Regia di Jean Cocteau vedi scheda film
“Il testamento di Orfeo” rappresenta il testamento artistico di un autore che ha esplorato territori differenti creando e plasmando nuove forme. In questa sua ultima opera, Cocteau, mette in scena la sua idea di cinema polimorfico fatto di spazi imprecisati e tempi indefiniti. Il tutto diventa niente e viceversa il nulla prende forma, liberandosi contemporaneamente della semplice ed effimera corporalità. Esteriorità ed interiorità si librano in un limbo surreale in cui la potenza ammaliante della parola si fonde mirabilmente con la forza visionaria delle immagini. Uno spettacolo illusionistico in cui i giochi di montaggio, le scenografie e i costumi rendono “possibile l'impossibile”, ossia si tramutano in (puro e semplice) cinema. Bisogna smetterla di porsi (e porre) troppe domande dice Cégeste poco dopo aver incontrato lo stesso Cocteau. E, come dichiarato dal critico Edoardo Bruno, più che sulla ragione bisogna porre l'accento sull'emozione (e le sensazioni). “Il testamento di Orfeo” - dichiara Cocteau - è una macchina per fabbricare significazioni.. Come autore del film, propongo allo spettatore una serie di geroglifici, di cui ognuno può interpretare a suo piacimento il senso e placare la sua singolare sete di cartesianismo”. Riferimento tutt'altro che velato ad una certa critica cervellotica, oltre che monito per tutti quegli spettatori che assistono ad un film rimanendo sempre sintonizzati sulla stessa frequenza senza riuscire a captarne altre... basse o alte che siano.

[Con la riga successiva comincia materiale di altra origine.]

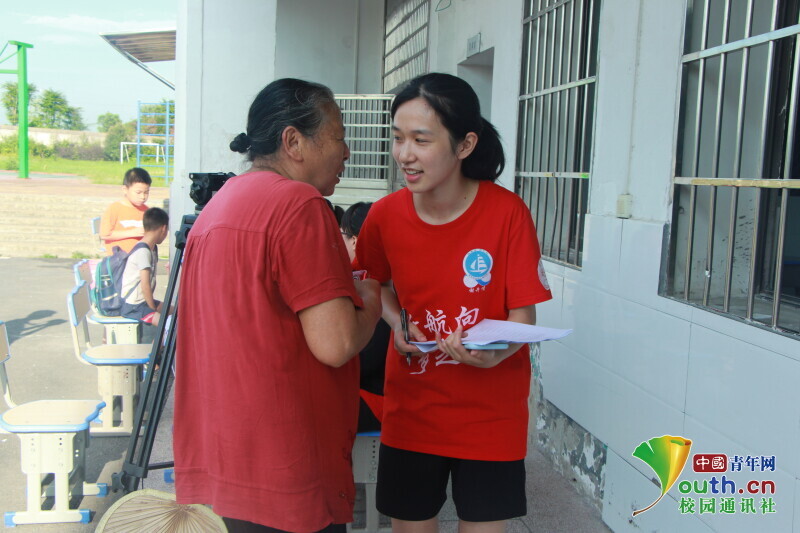 图为队员为家长解答学校时间和课程安排等基本问题。中国青年网通讯员 何星逸 供图

“Il testamento di Orfeo” è il mausoleo costruito da Jean Cocteau, in cui il tempo si cristallizza e in cui ciò che sembra morto continua a vivere in eterno.
Che cos'è un film? “Una fonte di pensiero che pietrifica. Un film permette di dare un'apparenza di realtà all'irreale... resuscitando azioni morte”. Se non ci credete, guardate pure quest'opera. Ve lo dirà Cocteau stesso “in carne ed ossa”.